• **Exercise requirements**
For the data below, retype word for word the lines from the one containing "Epipacten an den" through the one containing "ds. B. Smytegelt"; drop the pictures.

• **Raw data**
= Beginning of Section =

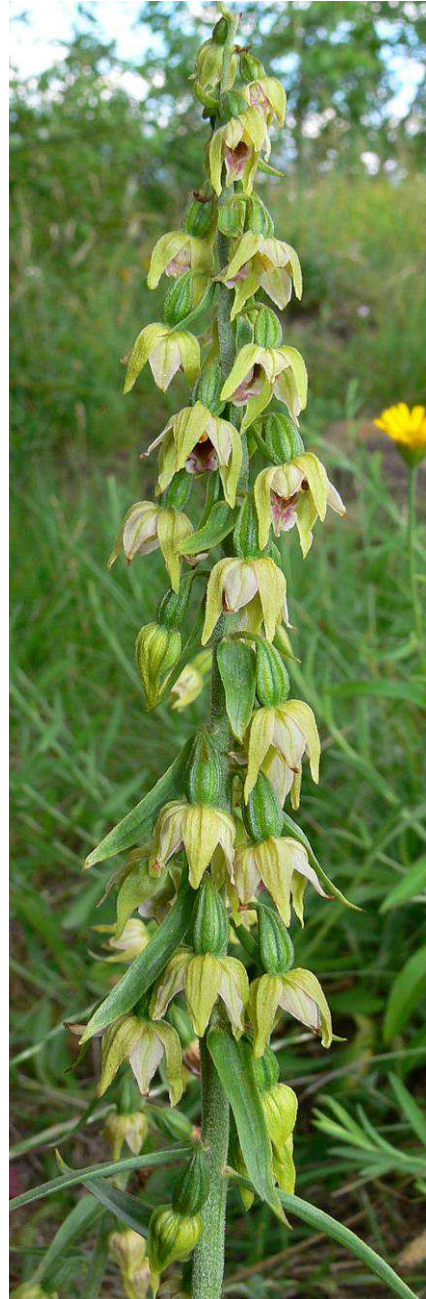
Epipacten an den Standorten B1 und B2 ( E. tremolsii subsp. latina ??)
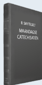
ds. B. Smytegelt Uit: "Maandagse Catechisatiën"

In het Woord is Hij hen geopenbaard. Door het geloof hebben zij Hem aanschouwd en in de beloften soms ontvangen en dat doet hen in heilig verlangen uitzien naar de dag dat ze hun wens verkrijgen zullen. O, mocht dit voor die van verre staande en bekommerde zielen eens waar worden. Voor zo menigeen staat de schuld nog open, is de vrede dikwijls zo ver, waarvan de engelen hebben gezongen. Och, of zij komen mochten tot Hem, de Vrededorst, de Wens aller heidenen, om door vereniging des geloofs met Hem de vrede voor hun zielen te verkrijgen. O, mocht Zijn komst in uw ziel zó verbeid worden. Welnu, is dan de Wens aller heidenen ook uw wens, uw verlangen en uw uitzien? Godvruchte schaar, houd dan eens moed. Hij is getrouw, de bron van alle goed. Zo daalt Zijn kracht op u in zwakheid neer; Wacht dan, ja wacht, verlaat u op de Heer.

= End of Section =
= Beginning of Section =

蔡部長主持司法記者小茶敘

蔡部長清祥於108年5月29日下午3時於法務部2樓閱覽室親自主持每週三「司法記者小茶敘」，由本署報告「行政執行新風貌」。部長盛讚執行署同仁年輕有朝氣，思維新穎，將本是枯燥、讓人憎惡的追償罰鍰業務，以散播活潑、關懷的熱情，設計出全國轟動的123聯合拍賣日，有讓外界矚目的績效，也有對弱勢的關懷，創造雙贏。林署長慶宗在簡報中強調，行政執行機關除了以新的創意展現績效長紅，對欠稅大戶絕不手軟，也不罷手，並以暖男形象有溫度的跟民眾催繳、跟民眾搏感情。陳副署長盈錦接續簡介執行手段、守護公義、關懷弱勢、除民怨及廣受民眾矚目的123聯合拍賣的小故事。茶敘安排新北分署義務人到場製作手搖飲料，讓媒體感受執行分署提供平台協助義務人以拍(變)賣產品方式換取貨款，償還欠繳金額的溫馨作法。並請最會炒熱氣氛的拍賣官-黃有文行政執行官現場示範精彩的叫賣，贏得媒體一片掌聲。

= End of Section =
= Beginning of Section =

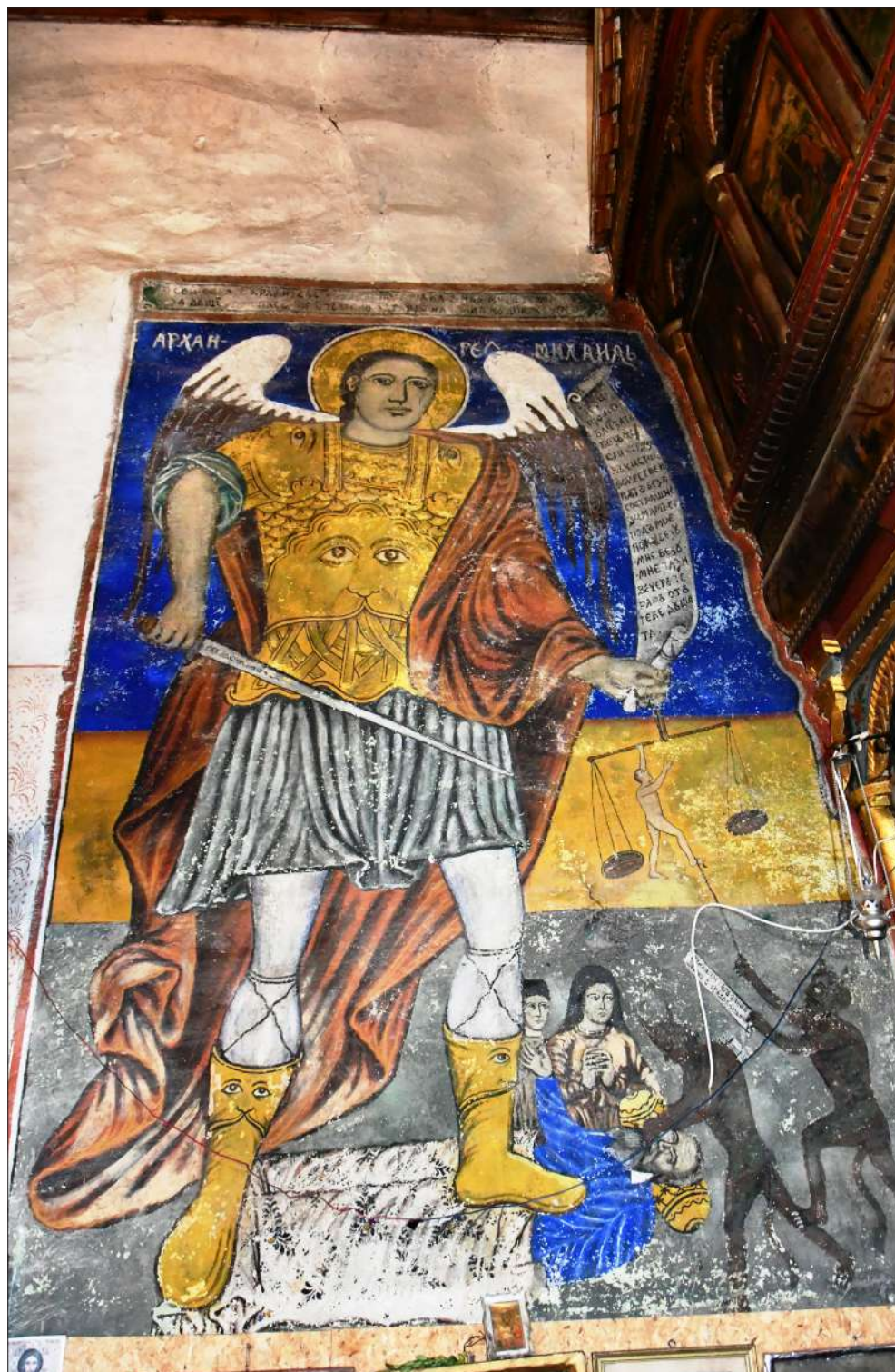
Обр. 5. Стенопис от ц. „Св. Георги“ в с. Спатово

= End of Section =

• **Result below**
Epipacten an den Standorten B1 und B2 ( E. tremolsii subsp. latina ??)
ds. B. Smytegelt Uit: "Maandagse Catechisatiën"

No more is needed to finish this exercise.